Today, however, that is no longer the case. Thanks to a team of Microsoft researchers and engineers, conversational speech recognition by machines just entered the human level realm – that is, human parity in speech recognition has finally been achieved!
Photo Credit: Cornell University Library
“In a paper published Monday, a team of researchers and engineers in Microsoft Artificial Intelligence and Research reported a speech recognition system that makes the same or fewer errors than professional transcriptionists.”
– Allison Linn, Microsoft
Microsoft researchers from the Speech & Dialog research group. (Photo Credit: Microsoft/Dan DeLong)
This breakthrough was achieved when the team began using Microsoft’s Computational Network Toolkit (CNTK) – an open source deep learning system that is currently available via GitHub.
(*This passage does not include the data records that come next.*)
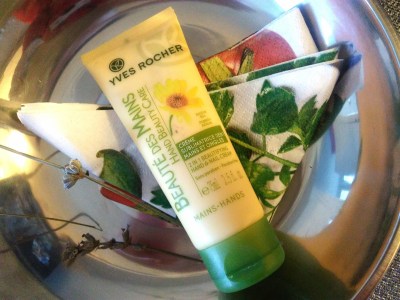 Na druhém místě se umístil krém na ruce a nehty od Yves Rocher. Má praktický uzávěr, dobře se vstřebává a má jemnou přírodní vůni heřmánku, kterou mám také moc ráda. Jeho obal už prošel renovací a moje skoro vypotřebovaná chudinka je zapadlá za skříní, takže jsem si na fotku vypůjčila ten sestry.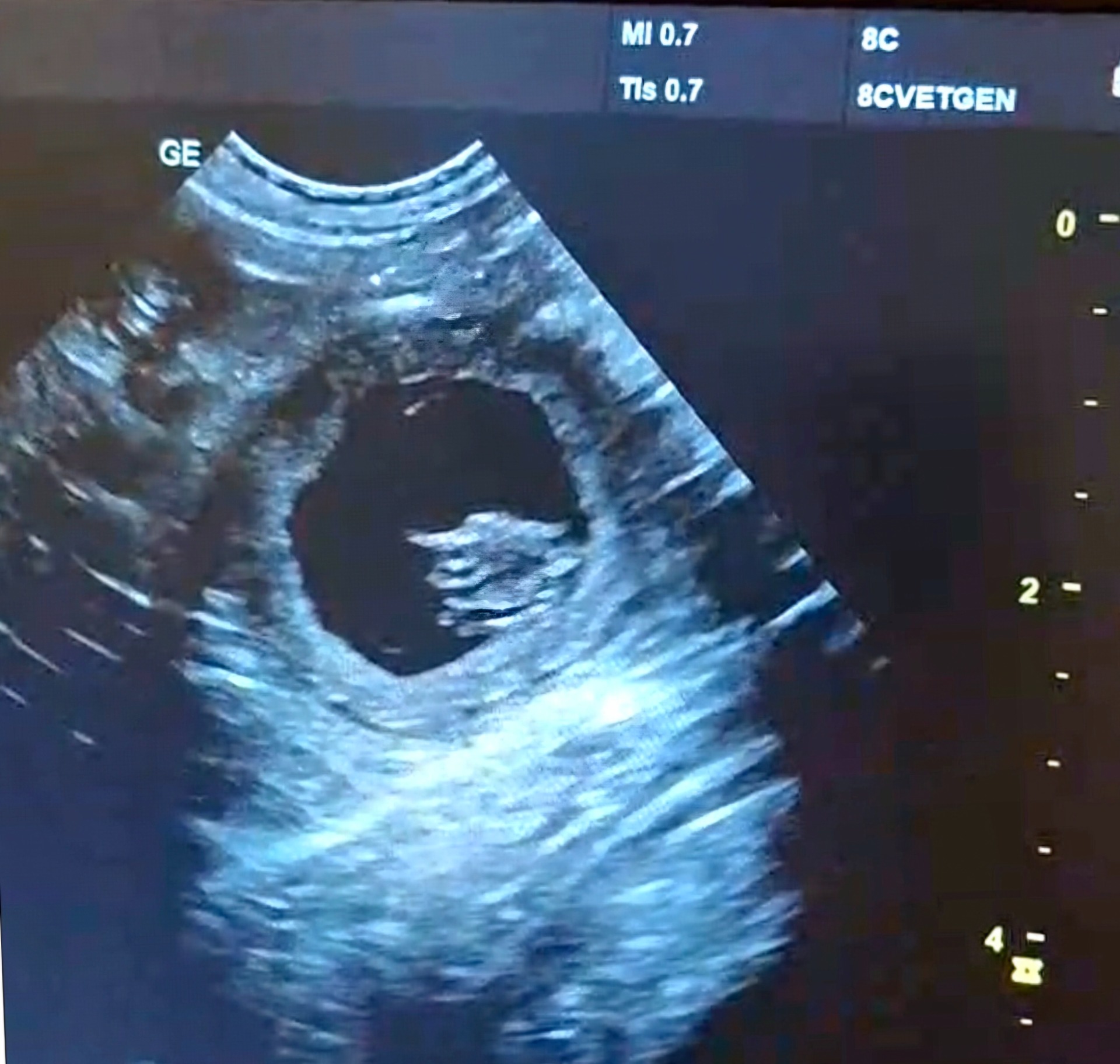 En liten titt med ultralydapparat hvor vi fikk et glimt av Carmas små hemmeligheter, veldig tidlig utvikling ennå, nær 4 uker gestasjonsalder. Dette er en fosterblære, det svarte er væske, og inni er et embryo som er omgitt av fosterhinner. Hjertet slår og dette kan ses på ultralyd.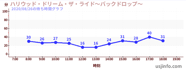 • ハリウッド・ドリーム・ザ・ライド〜バックドロップ〜$B$N(B2020年08月26日の待ち時間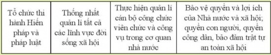 Thống nhất quản lí nhà nước về các lĩnh vực trong xã hội; thống nhất quản lí nền hành chính quốc gia; thực hiện quản lí nhà nước về cán bộ, công chức, viên chức và công vụ trong các cơ quan nhà nước; lãnh đạo công tác của các bộ, cơ quan ngang bộ, cơ quan thuộc Chính phủ, Uỷ ban nhân dân các cấp.
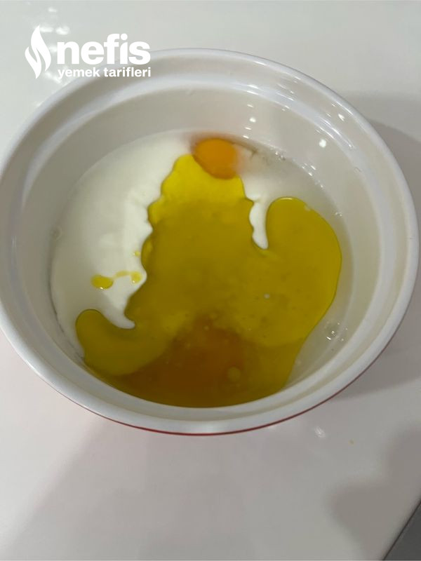 2. Bir kaba yoğurt ,yumurtaları, zeytinyağını ve suyu ekleyip güzelce çırpalım.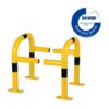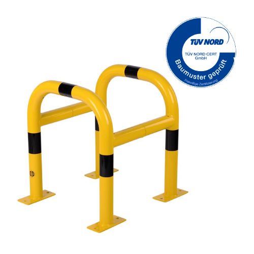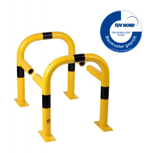 Metāla kvadrātveida aizsargbarjera – dzeltena (RAL 1023) ar melnām atstarojošām joslām. Cinkota un krāsota. Piemērota izmantošanai ārā. Izmēri: platums 520mm, augstums 600mm. Divdaļīgi savienojama. Paredzēta max. 400x400mm kolonnas vai staba aizsardzībai. Pamatnes izmērs: 160x70mm. Stiprināšana pie zemes ar 8 skrūvēm d=12,5mm (nav iekļautas komplektā!). TÜV sertifikāts. Svars: 16,6kg.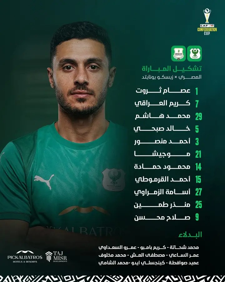 أزاح التونسي نبيل الكوكي، المدير الفني للنادي المصري، الستار عن التشكيل الرسمي لفريقه استعدادًا لمواجهة زيسكو يونايتد الزامبي، في اللقاء الذي يُقام على ملعب السويس الجديد ضمن منافسات الجولة السادسة والأخيرة من دور المجموعات لبطولة كأس الكونفدرالية الإفريقية.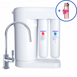 Инновационный водоводяной бак экономит до 9 тонн воды в год относительно классических обратноосмотических систем с водовоздушным баком. Он намного компактнее обычного, поэтому Морион занимает в 2 раза меньше места под мойкой, чем стандартная обратноосмотическая система. Скорость набора воды у Мориона в 2 раза выше, чем у классического обратноосмотического фильтра.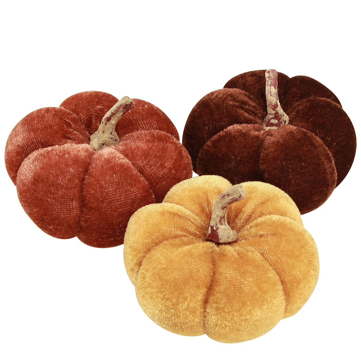 - Calabazas de tela aterciopelada en amarillo, marrón y marrón oscuro
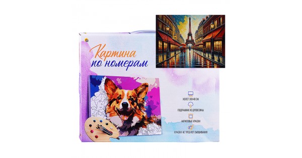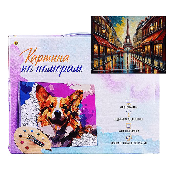 Холст с красками 30х40 по номерам "Проспект в Париже" (в коробке) (30цв.)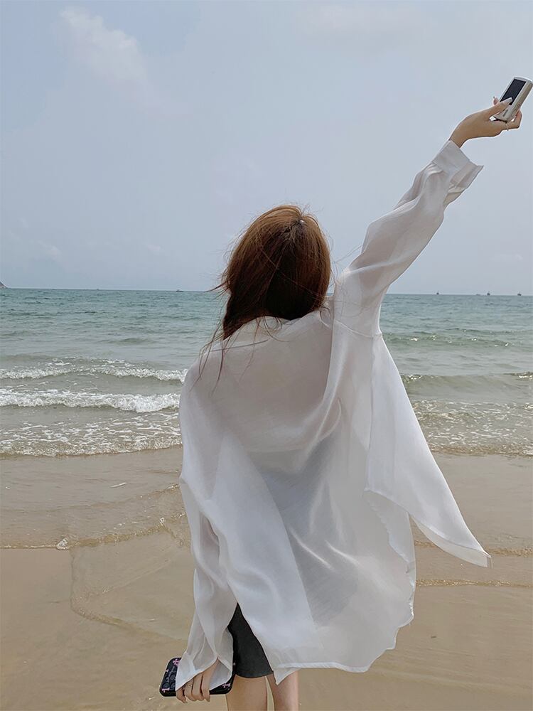 白い日焼け止めシャツジャケット女性の夏の薄いシャツ 2023 新しいシックなシックな長袖トップ ロング ホワイト サマー 夏物 8571699843689208

And although it wasn’t able to perfectly transcribe every single word, one has to keep in mind that neither do us humans. Unlike us humans, however, CNTK has plenty of more room to continue perfecting its conversational skills over time.
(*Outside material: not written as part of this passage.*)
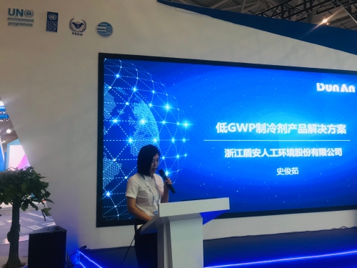 8月20日,盾安環境技術中心資深專家史俊茹在“臭氧氣候技術路演和論壇”發表主題演講《低GWP制冷劑產品解決方案》,介紹盾安在更低GWP、高效節能替代技術的最新應用成果和解決方案。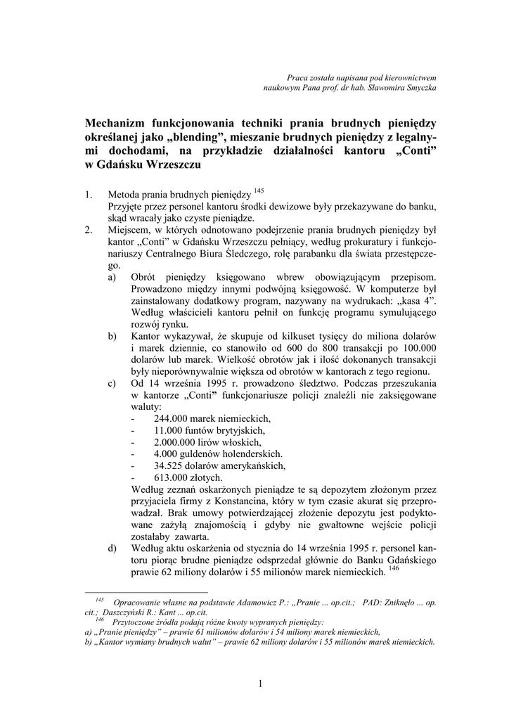 Praca została napisana pod kierownictwem naukowym Pana prof. dr hab. Sławomira Smyczka Mechanizm funkcjonowania techniki prania brudnych pieniędzy określanej jako „blending”, mieszanie brudnych pieniędzy z legalnymi dochodami, na przykładzie działalności kantoru „Conti” w Gdańsku Wrzeszczu Metoda prania brudnych pieniędzy 145 Przyjęte przez personel kantoru środki dewizowe były przekazywane do banku, skąd wracały jako czyste pieniądze. Miejscem, w których odnotowano podejrzenie prania brudnych pieniędzy był kantor „Conti” w Gdańsku Wrzeszczu pełniący, według prokuratury i funkcjonariuszy Centralnego Biura Śledczego, rolę parabanku dla świata przestępczego. a) Obrót pieniędzy księgowano wbrew obowiązującym przepisom. Prowadzono między innymi podwójną księgowość. W komputerze był zainstalowany dodatkowy program, nazywany na wydrukach: „kasa 4”. Według właścicieli kantoru pełnił on funkcję programu symulującego rozwój rynku. b) Kantor wykazywał, że skupuje od kilkuset tysięcy do miliona dolarów i marek dziennie, co stanowiło od 600 do 800 transakcji po 100.000 dolarów lub marek. Wielkość obrotów jak i ilość dokonanych transakcji były nieporównywalnie większa od obrotów w kantorach z tego regionu. c) Od 14 września 1995 r. prowadzono śledztwo. Podczas przeszukania w kantorze „Conti” funkcjonariusze policji znaleźli nie zaksięgowane waluty: 244.000 marek niemieckich, 11.000 funtów brytyjskich, 2.000.000 lirów włoskich, 4.000 guldenów holenderskich. 34.525 dolarów amerykańskich, 613.000 złotych. Według zeznań oskarżonych pieniądze te są depozytem złożonym przez przyjaciela firmy z Konstancina, który w tym czasie akurat się przeprowadzał. Brak umowy potwierdzającej złożenie depozytu jest podyktowane zażyłą znajomością i gdyby nie gwałtowne wejście policji zostałaby zawarta. d) Według aktu oskarżenia od stycznia do 14 września 1995 r. personel kantoru piorąc brudne pieniądze odsprzedał głównie do Banku Gdańskiego prawie 62 miliony dolarów i 55 milionów marek niemieckich. 146 1. 2. 145 Opracowanie własne na podstawie Adamowicz P.: „Pranie ... op.cit.; PAD: Zniknęło ... op. cit.; Daszczyński R.: Kant ... op.cit. 146 Przytoczone źródła podają różne kwoty wypranych pieniędzy: a) „Pranie pieniędzy” – prawie 61 milionów dolarów i 54 miliony marek niemieckich, b) „Kantor wymiany brudnych walut” – prawie 62 miliony dolarów i 55 milionów marek niemieckich. 1 e) 3. 4. 5. Przeprowadzona przez Urząd Skarbowy kontrola w 1995 r. spółki „Conti” wykazała „ uszczuplenia podatkowe ”, które oszacowano na ponad 5,1 miliona złotych i 8,8 miliona złotych odsetek. f) Dochodzenie było prowadzone prawie przez 5 lat, w tym przez 3,5 roku przez organa skarbowe. g) Pieniądze stanowiące dowód rzeczowy, wartości kilku milionów złotych w różnych walutach, znikły z Oddziału Okręgowego Narodowego Banku Polskiego w Gdańsku, w którym zostały złożone jako depozyt sądowy. Wykorzystano sfałszowane postanowienie sądu. Czynniki ułatwiające pranie brudnych pieniędzy w kantorach i w kasynach gry: 147 a) Atrakcyjność polskiego systemu finansowo-prawnego dla międzynarodowego świata przestępczego. Według obowiązujących przepisów kantory i kasyna gry nie były zobowiązane do informowania organów ścigania o podejrzanych transakcjach finansowych. Obowiązek ten spoczywał tylko na bankach i domach maklerskich. 148 Zbyt wysoko określone przez przepisy wymagania dowodowe oraz brak jasności i czytelności charakteru dowodów dotyczących prania brudnych pieniędzy. 149 Brak odpowiedzialności karnej dla podmiotów gospodarczych. b) Brak ratyfikowania przez Polskę konwencji Rady Europy o zyskach pochodzących z przestępczości. c) Brak powołania, pomimo zapowiedzi rządu, Generalnego Inspektoratu Informacji Finansowych, którego zadaniem byłoby gromadzenie i przetwarzanie informacji dotyczących podejrzanych transakcji finansowych w kraju. 150 Źródłem informacji do podjęcia działań operacyjnych przeciwko organizatorom prania brudnych pieniędzy przez pion do walki z przestępczością zorganizowaną była informacja operacyjna, że w kantorze jest przechowywana nielegalna broń i waluta pochodząca z przestępstw. Źródło środków finansowych: Według przedstawionych opinii funkcjonariuszy Centralnego Biura Śledczego oraz prokuratorów należy przypuszczać, że ujawnione środki finansowe w kantorze pochodziły z nielegalnej działalności grup przestępczych. w niniejszym załączniku przytoczono dane z późniejszej publikacji, jako bardziej wiarygodne. 147 Opracowano na podstawie Łuczka M.:„Raport ... op. cit. 148 Dopiero Ustawa z 16 listopada 2000 r., o przeciwdziałaniu wprowadzaniu do obrotu finansowego wartości majątkowych pochodzących z nielegalnych lub nieujawnionych źródeł oraz przeciwdziałaniu finansowania terroryzmu ( Dz. U. Nr 116, poz. 1216 ), sprecyzowała w dziewięciu obszarach tematycznych zakres obowiązku rejestracji transakcji finansowych. 149 Rozbieżności w uzasadnieniu prawnym przestępstwa prania brudnych pieniędzy, występujące pomiędzy Ustawą z 16 listopada 2000 r., art. 299 § 1 kodeksu karnego ujawniają się w działaniach operacyjnych prokuratury i Centralnego Biura Śledczego. Zagadnienie braku właściwej korelacji aktów prawnych nie jest tematem niniejszej pracy. 150 Generalny Inspektor Informacji Finansowej został powołany Ustawą z 16 listopada 2000 r. o przeciwdziałaniu wprowadzaniu do obrotu finansowego wartości majątkowych pochodzących z nielegalnych lub nieujawnionych źródeł oraz przeciwdziałaniu finansowania terroryzmu ( Dz. U. Nr 116, poz. 1216 ), funkcjonuje przy Ministerstwie Finansów Rzeczypospolitej Polskiej. 2 Zakup nieruchomości w Krakowie jako technika prania brudnych pieniędzy realizowana w fazie integracji 1. Metoda prania brudnych pieniędzy: 151 a)

Next up: conversational speech understanding!
“The next frontier is to move from recognition to understanding,” as according to Geoffrey Zweig, who manages Microsoft’s Speech & Dialog research group. While the machines have certainly dethroned us in our ability to recognize speech, we still rule the land when it comes to actually understanding what someone is saying. Remember, human speech isn’t perfect and is usually coupled with subtle nuances depending on our facial expressions, body language, and surrounding environment.
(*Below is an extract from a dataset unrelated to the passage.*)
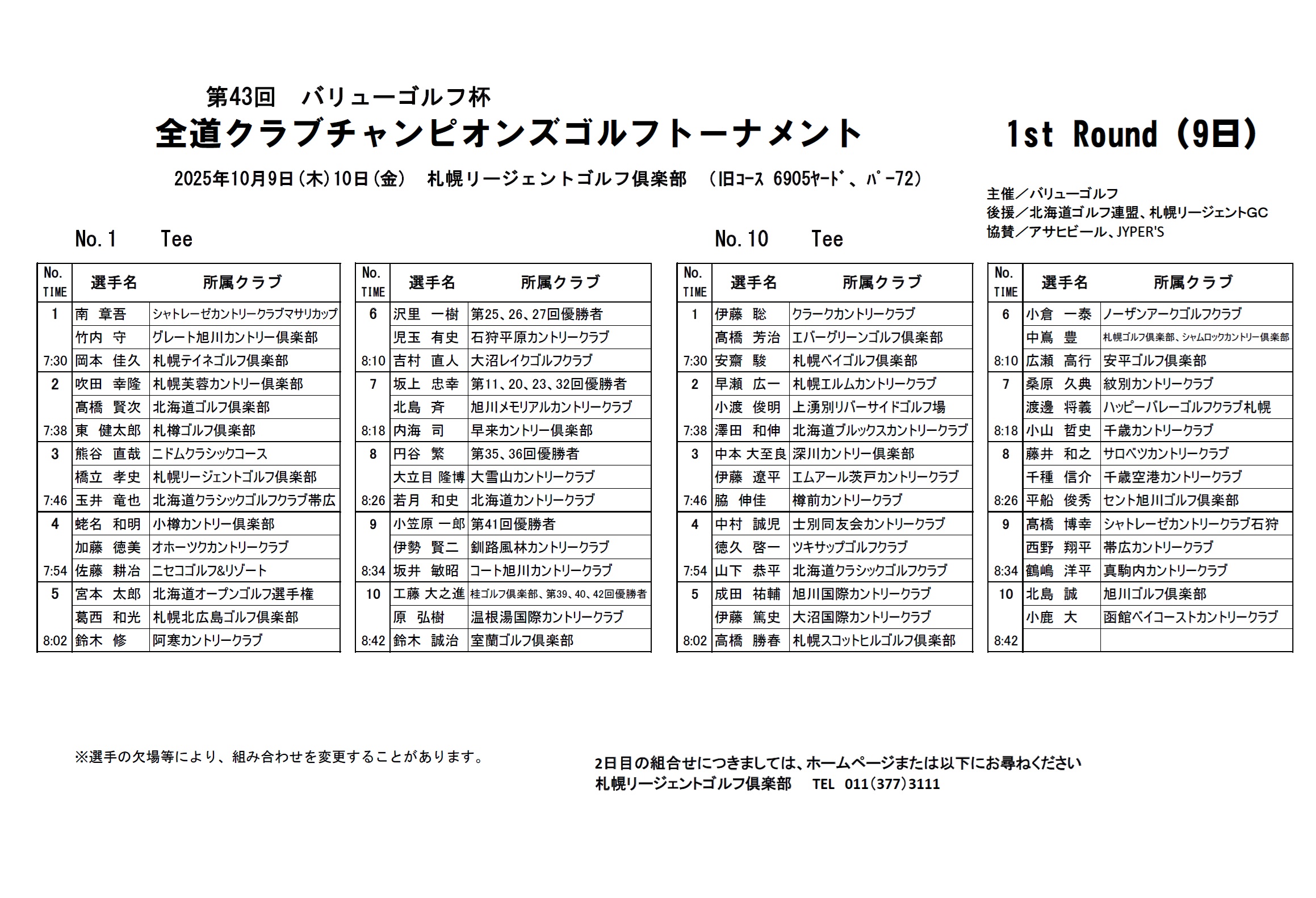 第43回全道クラブチャンピオンズゴルフトーナメント初日組合せ

If someone were to run up to you, their face in fright, pointing towards an approaching man as they screamed, “Help, he’s after me!”, you’d quickly understand what is going on and what that person is asking of you. If a machine today were to receive a similar scenario, although it would easily transcribe the words spoken to it, it won’t be able to understand what exactly is being asked of it. That all will eventually change, however, as researchers continue advancing deep learning protocols. Once that time comes, will we even know if we’re having a conversation with a human or machine?